Migrating 70+ Microservices to Azure Kubernetes Service — A Platform Engineer's Playbook

From on-premises to cloud-native at enterprise scale

Posted by Saurabh Chaubey on Saturday, September 20, 2025

Migrating a handful of microservices to Kubernetes is one thing. Migrating over seventy — with their interconnected dependencies, legacy configurations, and the weight of years of organic growth — is an entirely different challenge. This is the story of how our platform engineering team planned and executed a large-scale migration from on-premises infrastructure to Azure Kubernetes Service (AKS) at a major enterprise insurance company, and the lessons we learned along the way.

The Starting Point

Our on-premises estate was a product of evolution rather than design. Over the years, the organisation had built a microservices architecture that ran across a fleet of virtual machines managed by a combination of Ansible scripts and manual processes. Deployments involved SSH-ing into machines, running shell scripts, and hoping that the environment variables were configured correctly. Some services had automated deployments through Jenkins; many did not.

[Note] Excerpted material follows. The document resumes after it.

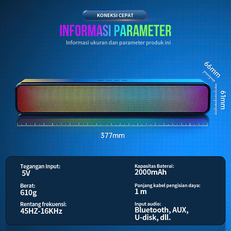 MANU RGB Wireless Speaker Bluetooth Super Bass Soundbar Wireless Laptop Computer Gaming Music Box Full Bass Portable Aud
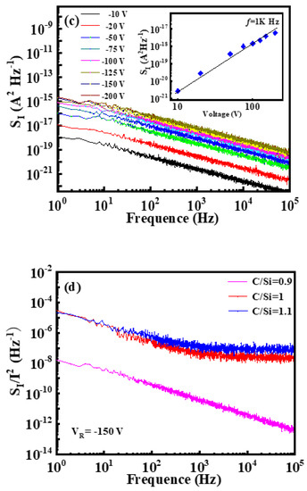 Figure 3c show the frequency and bias voltages dependence of the spectral noise density (SI) for the Ni/4H-SiC SBDs with C/Si=0.9 at room temperature under various reverse bias voltages (VR = −10~(−200) V). It is clearly observed that the spectral noise density is inversely proportional to the frequency at different voltages and increases approximately linearly with the increase of the reverse bias voltage. It has the form of 1/fα noise, where α=1, its characteristics is flicker noise (1/f noise). This dependence is consistent with the reported results of SiC Schottky diodes (α = 0.5~1.5) [44,45]. The main contribution to 1/f noise and resistance noise comes from the Schottky barrier. Figure 3d shows the noise spectra of the Ni/4H-SiC SBDs with varying C/Si ratios (C/Si = 0.9, 1 or 1.1) under VR = −150 V. It displays 1/f behavior at frequencies below 1K Hz for all samples. Furthermore, the spectral noise density increases with the increase of the C/Si ratio, and the minimum is obtained at C/Si = 0.9. However, for the samples with C/Si = 1 and 1.1, the noise spectra become almost frequency independent at frequencies greater than 1K Hz. Several orders of magnitude increase in the noise are caused by superimposed thermal noise (SI = 4K0Tg) due to larger reverse current in samples with C/Si = 1 or 1.1, which is in agreement with the results of Figure 3a. The 1/f noise is mainly affected by the factors such as the interface state and crystal quality of the semiconductor material. Zhang et al. reported that the 1/f noise is reduced significantly with the increase of temperature in the SiC MOSFET within a temperature range of 85~510 K, which is attributed to the interface trap density decreasing with the temperature [46]. Soibel et al. also revealed that the 1/f noise in the InAs/GaSb superlattice detector is related to the side leakage current caused by the surface states. The larger side leakage current is induced by the higher surface state density, leading to a significant increase in noise [47]. Accordingly, our results show that as the C/Si ratio decreases, the spectral noise density decreases by about three orders of magnitude (C/Si = 0.9). The influence of C/Si ratios on device noise should be due to the surface state density or the interface state density caused by different crystal quality of 4H-SiC epilayers. Therefore, an optimized C/Si ratio not only effectively improves the performance of SBDs, but should also improves the responsivity of the Schottky barrier UV photodetector due to the reduction of noise.

The infrastructure worked, but it was showing its age. Scaling was slow and manual. Environment parity between development, staging, and production was aspirational at best. Deploying a new service meant provisioning VMs, configuring load balancers, setting up monitoring — a process that could take two weeks or more. And troubleshooting issues often came down to “it works on my machine” because the environments were genuinely different.

The decision to move to Kubernetes wasn’t made lightly. It came after months of evaluation, proof-of-concept work, and building the business case. We chose AKS specifically because the organisation was already invested in the Azure ecosystem, and AKS offered a managed control plane that reduced our operational burden. We weren’t interested in running our own Kubernetes clusters — we wanted to focus on what ran on the clusters, not the clusters themselves.

Assessment and Planning

Before migrating a single service, we spent three months on assessment and planning. This phase was unglamorous but absolutely essential.

Service Inventory

The first task was understanding what we actually had. It sounds obvious, but in a large organisation, the answer to “how many microservices do we have?” is surprisingly hard to pin down. Services had been created by different teams over several years, documentation was inconsistent, and some services were running but effectively abandoned — still consuming resources but no longer actively maintained.

We built a comprehensive inventory that captured each service’s technology stack, resource requirements, dependencies, data persistence needs, and criticality. We categorised services into tiers: Tier 1 (business-critical, high-traffic), Tier 2 (important but not customer-facing), and Tier 3 (internal tools and batch jobs).

Containerisation Readiness

Not all services were equally ready for containerisation. Most were Mulesoft applications and APIs, which required careful consideration for containerisation. Mulesoft runtimes have specific memory and configuration requirements, and many of our APIs had dependencies on shared domains, custom connectors, and environment-specific property files. We also had a few legacy Node.js apps with hardcoded file paths and batch processing jobs that assumed access to network file shares.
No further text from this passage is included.